▸ WHAT THE TASK REQUIRES:
Produce a word-for-word copy of the line that contains "TÊTE DE FEMME" and each line after it through the end of the material, omitting pictures and all other lines.
* * * * * * * * *
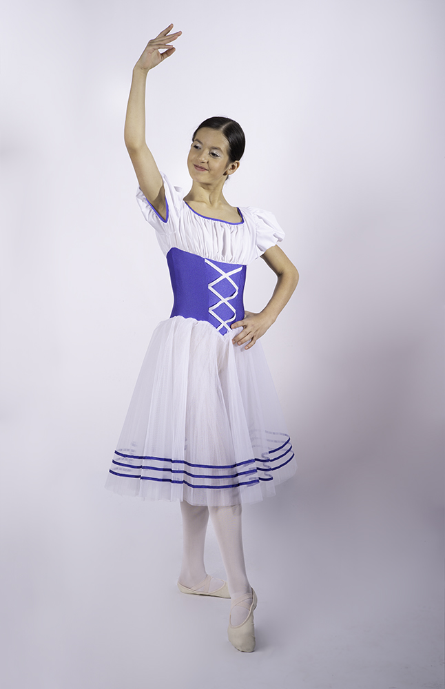 Tutu romântico.Peito e manga balão em tecido de cor Branca.
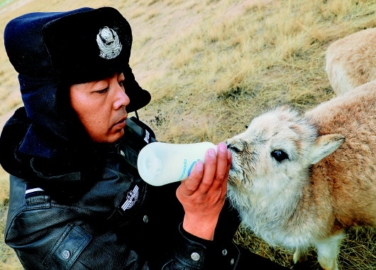 “你们已经吃饱了,该换小个头儿的啦。”邓海平把奶瓶从三四只小羊的“围攻”中抽出,转身将最后剩余的半瓶奶喂给了其中一只瘦小的藏羚羊。
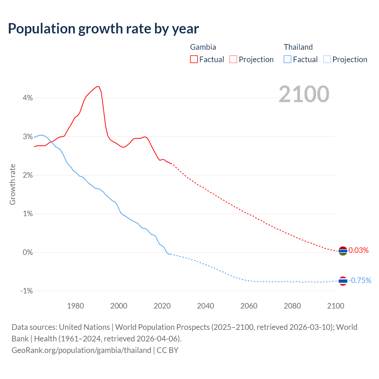 - For the last 10 years, the Gambia has had an average growth rate of +2.5% per year vs +0.23% in Thailand.
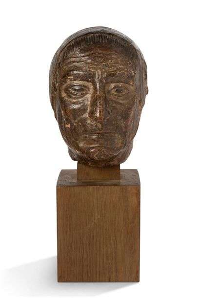TÊTE DE FEMME en terre cuite polychromée à la chevelure relevée retenue pa
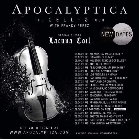 Apocalyptica have postponed their North American tour with Lacuna Coil due to the coronavirus pandemic. The trek is now scheduled to take place in August/September 2021. However, Lacuna Coil will no longer appear on every date.
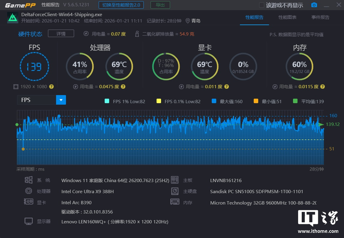 考虑到酷睿 Ultra X9 处理器 388H 不错的能效表现,我更期待它在掌机产品上的发挥。毕竟目前所有测试还是基于 1200P 分辨率 + 低画质,在消费者实际使用中只解决了流畅游玩这个问题,如果要充分利用联想小新 16 GT 这块 2K 高分大屏的显示效果,我觉得至少在 1200P 高画质下也能拥有较高的游戏平均帧数和 1% Low,这就要看 intel 的后期优化是否给力了。
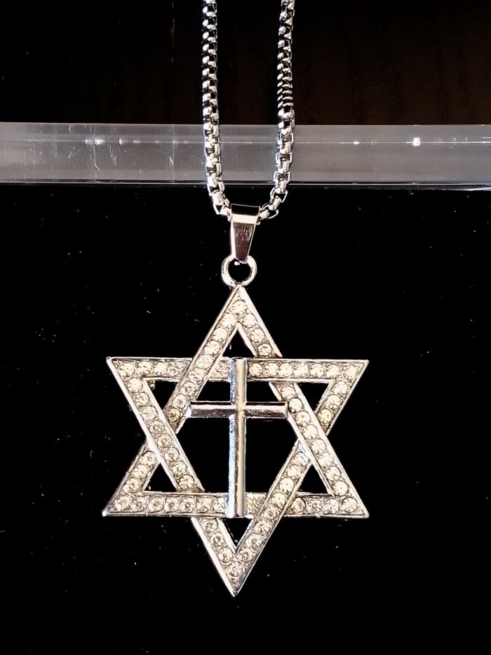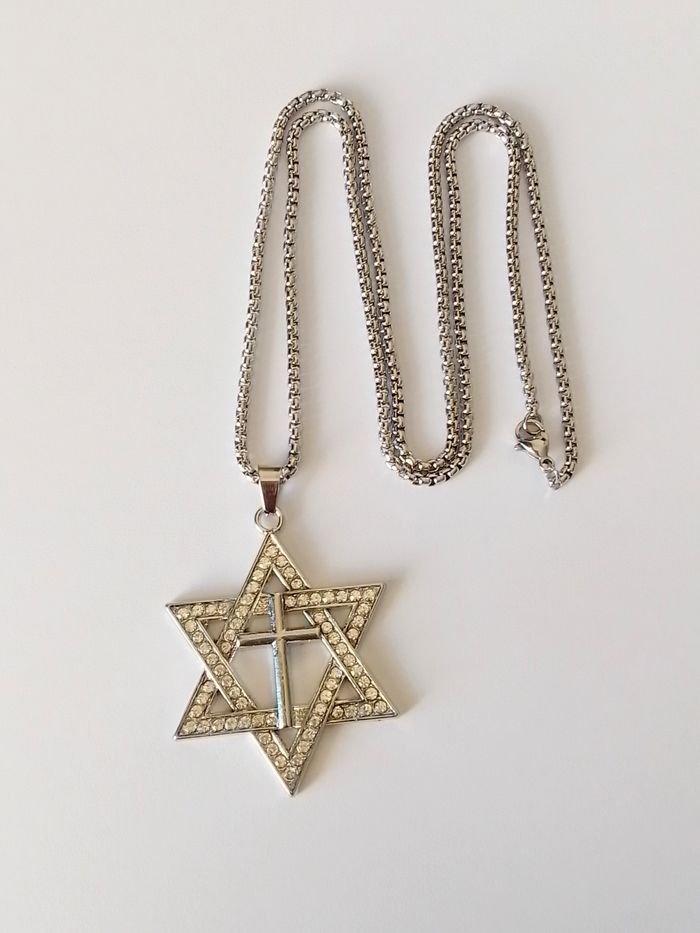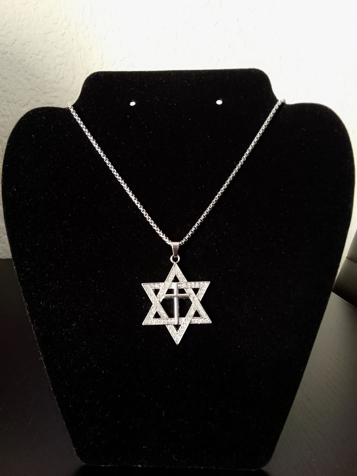 Chaîne + pendentif religieux. Pendentif : hexagramme, croix, strass. (religieux, protection, spirituel, celtique, idéal cadeau) DESCRIPTIF : Couleur : argenté. Taille chaîne : 60 cm Diamètre pendentif : 3,7 L * 4,7 cm H Envoi rapide et soigné.
* * * * * * * * *
▸ TASK RESPONSE:
TÊTE DE FEMME en terre cuite polychromée à la chevelure relevée retenue pa
 Apocalyptica have postponed their North American tour with Lacuna Coil due to the coronavirus pandemic. The trek is now scheduled to take place in August/September 2021. However, Lacuna Coil will no longer appear on every date.
 考虑到酷睿 Ultra X9 处理器 388H 不错的能效表现,我更期待它在掌机产品上的发挥。毕竟目前所有测试还是基于 1200P 分辨率 + 低画质,在消费者实际使用中只解决了流畅游玩这个问题,如果要充分利用联想小新 16 GT 这块 2K 高分大屏的显示效果,我觉得至少在 1200P 高画质下也能拥有较高的游戏平均帧数和 1% Low,这就要看 intel 的后期优化是否给力了。
 Chaîne + pendentif religieux. Pendentif : hexagramme, croix, strass. (religieux, protection, spirituel, celtique, idéal cadeau) DESCRIPTIF : Couleur : argenté. Taille chaîne : 60 cm Diamètre pendentif : 3,7 L * 4,7 cm H Envoi rapide et soigné.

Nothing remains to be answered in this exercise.